I'm able and willing to continue being a stay-at-home-mom, but I can certainly understand that you have mixed feelings about going back to work.  I'm sure almost everybody feels that way.

How do you expect your son to feel and behave after school, based on past experience?  If my son were starting an after-school program, I would definitely tell them about his autism because I know by experience that he is likely to be stressed and exhausted after his school day, and thus more likely to engage in negative behaviors.  Every child is different.
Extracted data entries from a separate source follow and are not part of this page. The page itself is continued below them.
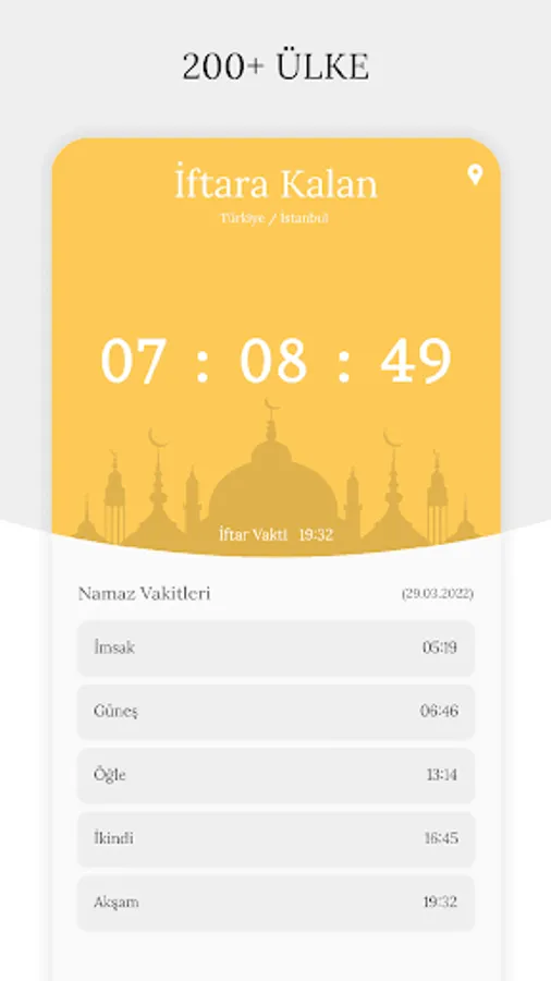 Follow live as a countdown, how much is left for iftar and how much is left for sahur! Thanks to the Iftar Timer application, you can track when you will break your fast in more than 200 countries with the countdown timer and learn the prayer times day by day.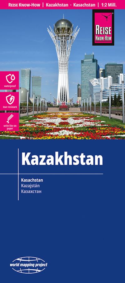 - Highly tear-resistant and 100% waterproof map of Kazakhstan from the world mapping project series. Reise Know-How maps are characterized by their particularly sturdy synthetic paper, which can be written on like paper, even with a pencil. The cardboard cover is removable, allowing the map to easily fit into any pocket. A protective cover is not required. The cartographic presentation focuses on the most important information for travelers and is particularly legible. Instead of shading, colored elevation layers are used. Contour lines with height information Colored elevation layers Classified road network with distance information Sightseeing features Detailed place index GPS-accurate Longitude and latitude Five-language legend (German, English, French, Spanish, Russian) Overview map on the cover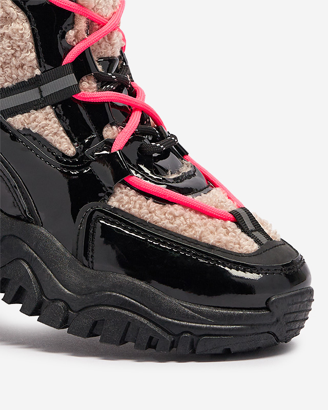 Черные женские спортивные кроссовки с мехом и неоново-розовыми шнурками Adbo- Footwear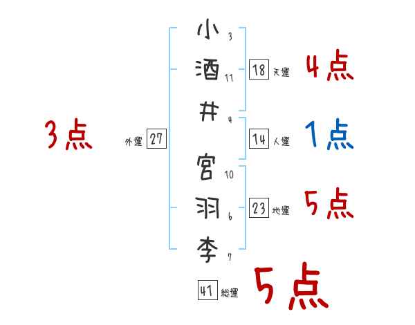 天運![]() | 小酒井宮羽李さんの天運は18画の4つ星!情熱的で剛気。忍耐力があり信頼される。 家系が持つ宿命的な運勢を表します。祖先から受け継いだ苗字ですので自分の力が及びません。家柄を象徴します。 |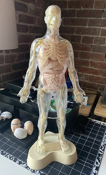 This Visible Man model is a version of one my father assembled when he was young. The original was released in 1959. My father had been interested in going to medical school before he eventually became a chemistry teacher and environmental engineer. I remember this model sitting on his shelf in its box; something that looked like a toy, but that we weren’t allowed to play with.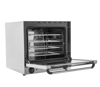 HORNO CONVECTOR ELÉCTRICO SKU MC-530 Potencia máxima: 2670 W Turbina de convección de aire para cocción pareja Exterior construido de acero inoxidable Interior enlozado y acero Luz interna en cámara de cocción Timer hasta 120 minutos Control de temperatura hasta 300° Incluye 3 estantes de 325 x 265 mm Peso Neto: 27 kg. Medidas: Frente: 56 cm | Profundidad: 46 cm | Altura: 46...

When my son was diagnosed at age 7, we asked the evaluators what they thought about the after school program, since we thought our son could benefit from more social stimulation.  They told us to focus on quality over quantity.  If the social experiences are negative, or a mix of negative and positive, it's no good for him *or* his classmates and teachers.  They said it's better to limit social outlets to times and settings where he's likely to succeed.  He was not likely to succeed in the after-school program at age 7.  He's almost ready now at age 9, partly because the after-school program for 9 year olds doesn't have so dang many kids. 

Good luck with the return to work.

 

IMHO,anyone who cares for your child on an ongoing bases needs to know your childs DX,It may make it easier for him ,and the daycare will be more understanding if he has behaviour ,also if he has a formal dx and you don't tell,you may get in Trouble if your son gets hurt at the daycare,or hurts someone else because you didn't tell.

Good luck,Linda

I informed the after-school teachers after T was diagnosed.  There reaction (And they are caring people!) was like, Oh, what else is new?  This was not ignorance, so much as an indication to me that they would not be handling anything differently ... which is fine!  Apparently they have had no difficutlies with her ... so that is that.I let the teachers know too for Sarah when she was in kinderkids..she never responded well in the beginning and ignored the kids and though she had no bad behaviors I didnt want them thinking she was disobedient and also wanted them to help encourage social skills in her and not let her do her own thing..I wanted her to participate at all times:)  I was lucky it was a small classroom with up to 3 teachers with 8 kids so it was perfect for Sarah:)

I don't really need to go back to work financially but want to, I like staying home also so if it does'nt work out I'm going to quit b/c I'm not going to insist that it works one way or the other.